▶ **WHAT IS REQUIRED**: What you give back from the listing below should be an exact copy of the lines from the one with "광명빌라를 지나 구봉마을" down to the one with "Regata Quiksilver feita", and it should contain no pictures.
[Opening ENTRIES PROVIDED section]
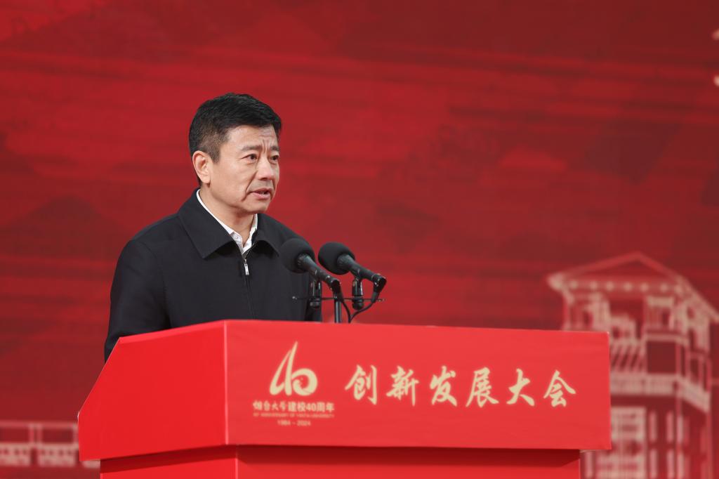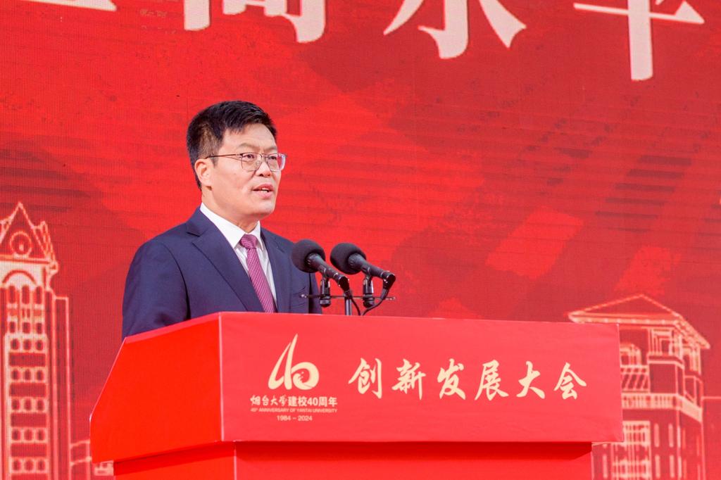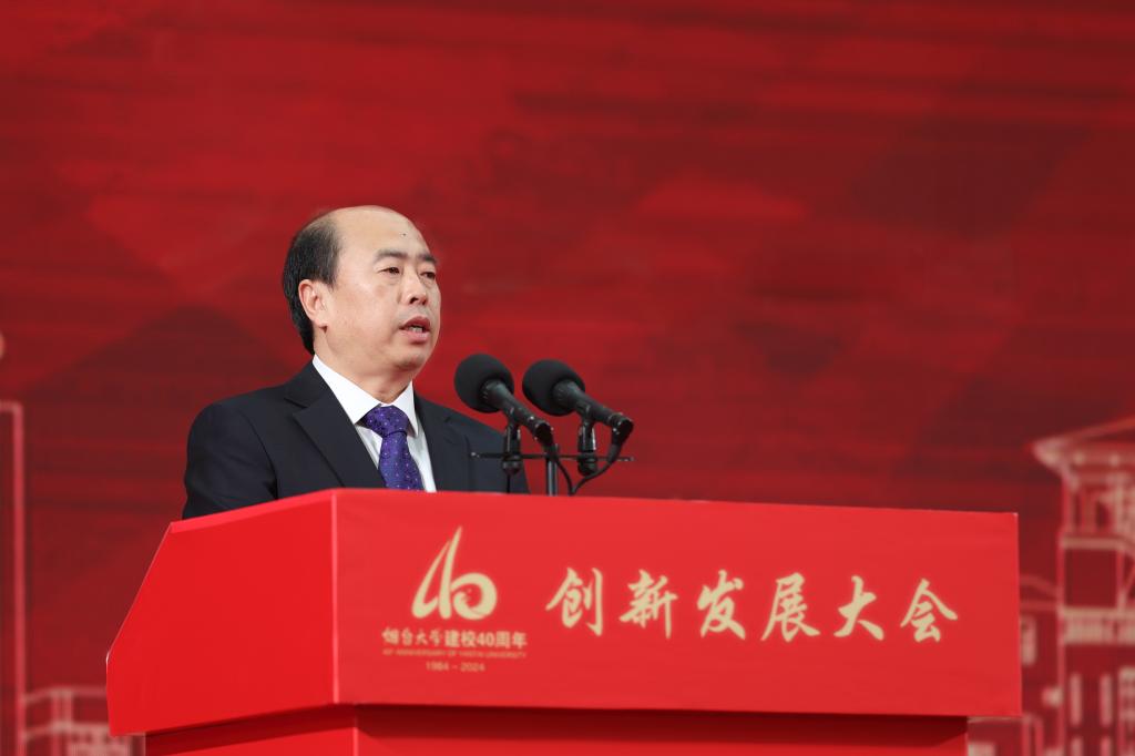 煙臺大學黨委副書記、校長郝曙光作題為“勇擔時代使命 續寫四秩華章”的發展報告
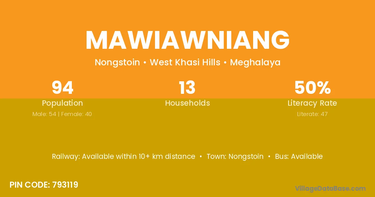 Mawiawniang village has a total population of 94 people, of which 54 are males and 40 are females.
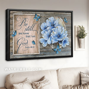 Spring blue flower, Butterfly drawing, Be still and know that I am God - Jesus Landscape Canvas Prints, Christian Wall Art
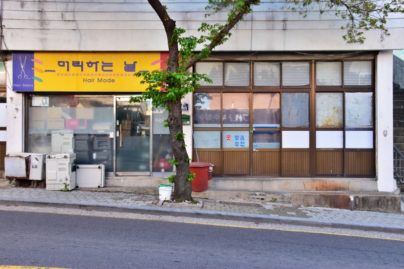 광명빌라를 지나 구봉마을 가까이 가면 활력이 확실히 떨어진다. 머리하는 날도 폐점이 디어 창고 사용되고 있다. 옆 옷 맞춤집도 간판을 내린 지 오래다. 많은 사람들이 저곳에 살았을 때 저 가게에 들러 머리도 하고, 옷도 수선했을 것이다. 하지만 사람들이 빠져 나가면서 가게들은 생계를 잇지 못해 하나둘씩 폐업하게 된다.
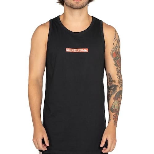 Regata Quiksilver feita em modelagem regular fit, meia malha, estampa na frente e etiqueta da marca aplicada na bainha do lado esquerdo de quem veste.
[Closing ENTRIES PROVIDED section]
[Opening ENTRIES PROVIDED section]
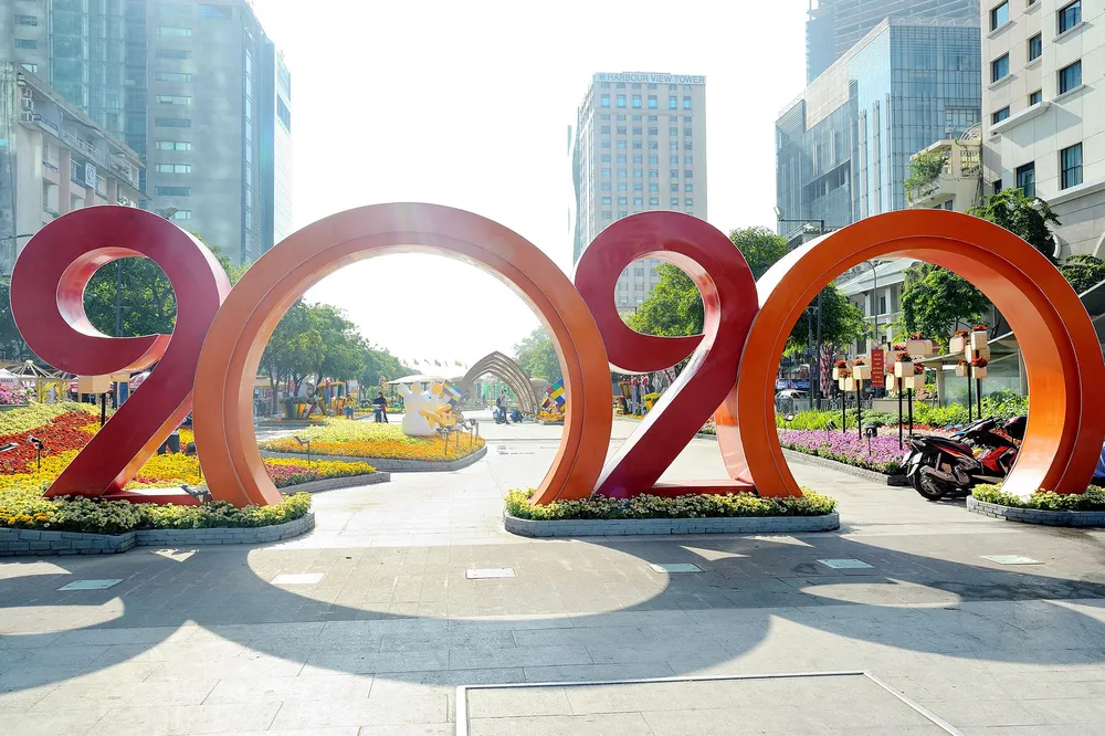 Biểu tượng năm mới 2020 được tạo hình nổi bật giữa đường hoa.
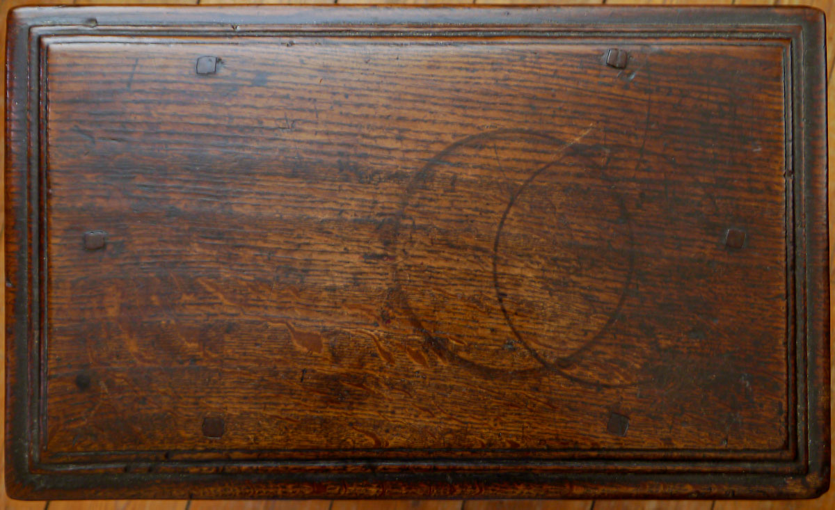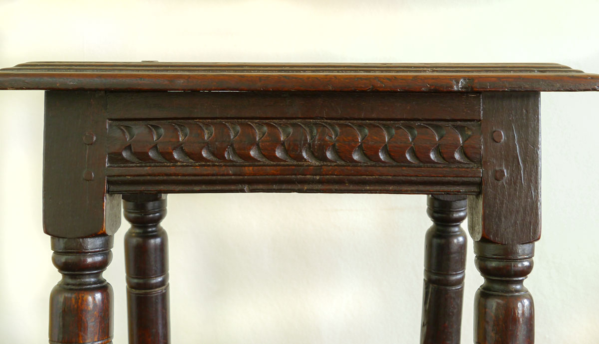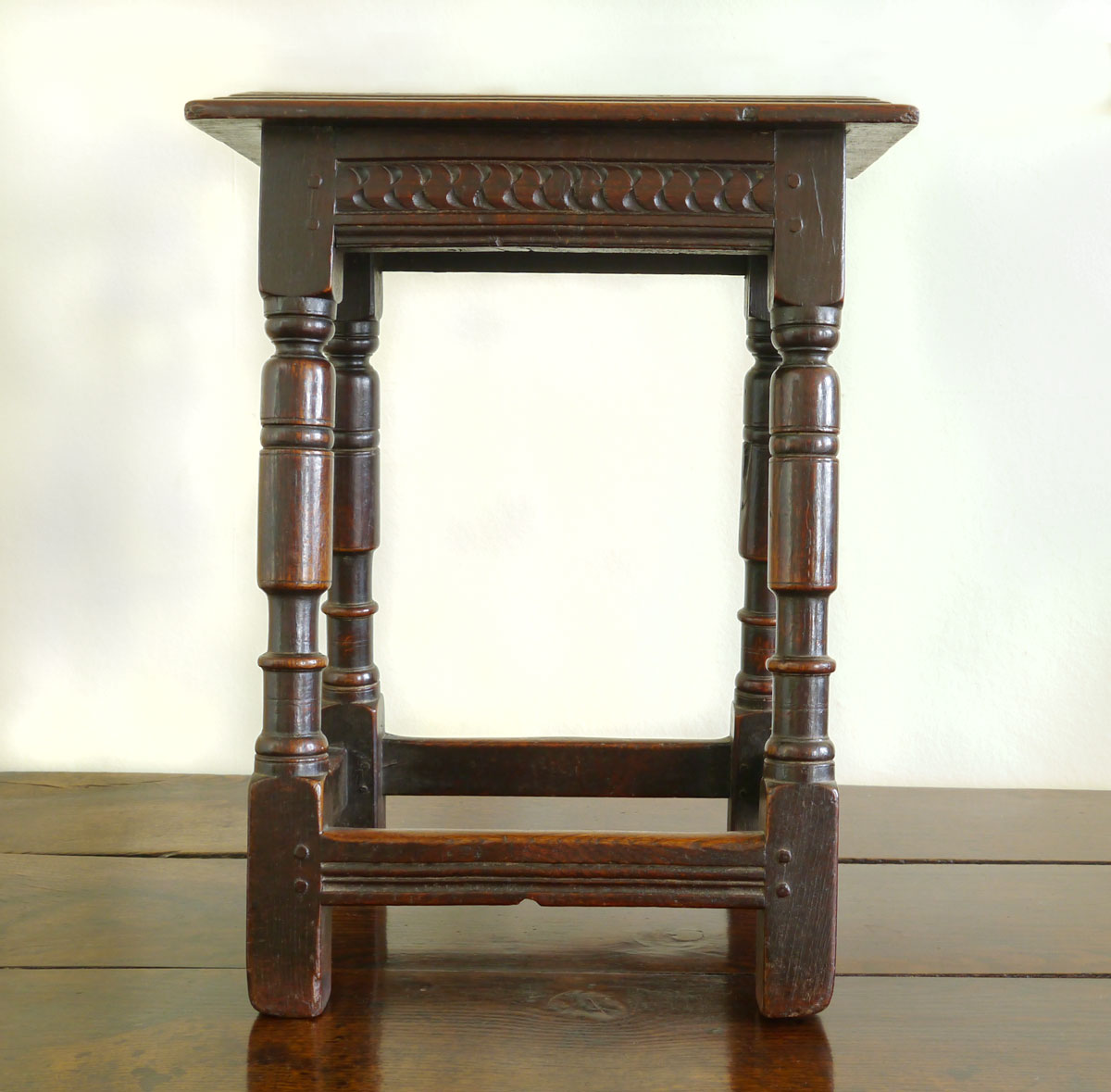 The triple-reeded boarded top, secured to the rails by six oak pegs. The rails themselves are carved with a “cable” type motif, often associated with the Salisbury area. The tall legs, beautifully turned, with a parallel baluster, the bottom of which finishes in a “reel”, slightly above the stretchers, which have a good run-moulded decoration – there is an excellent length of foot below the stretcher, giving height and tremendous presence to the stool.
[Closing ENTRIES PROVIDED section]
▶ **ANSWER TO THIS TASK**:
 광명빌라를 지나 구봉마을 가까이 가면 활력이 확실히 떨어진다. 머리하는 날도 폐점이 디어 창고 사용되고 있다. 옆 옷 맞춤집도 간판을 내린 지 오래다. 많은 사람들이 저곳에 살았을 때 저 가게에 들러 머리도 하고, 옷도 수선했을 것이다. 하지만 사람들이 빠져 나가면서 가게들은 생계를 잇지 못해 하나둘씩 폐업하게 된다.
 Regata Quiksilver feita em modelagem regular fit, meia malha, estampa na frente e etiqueta da marca aplicada na bainha do lado esquerdo de quem veste.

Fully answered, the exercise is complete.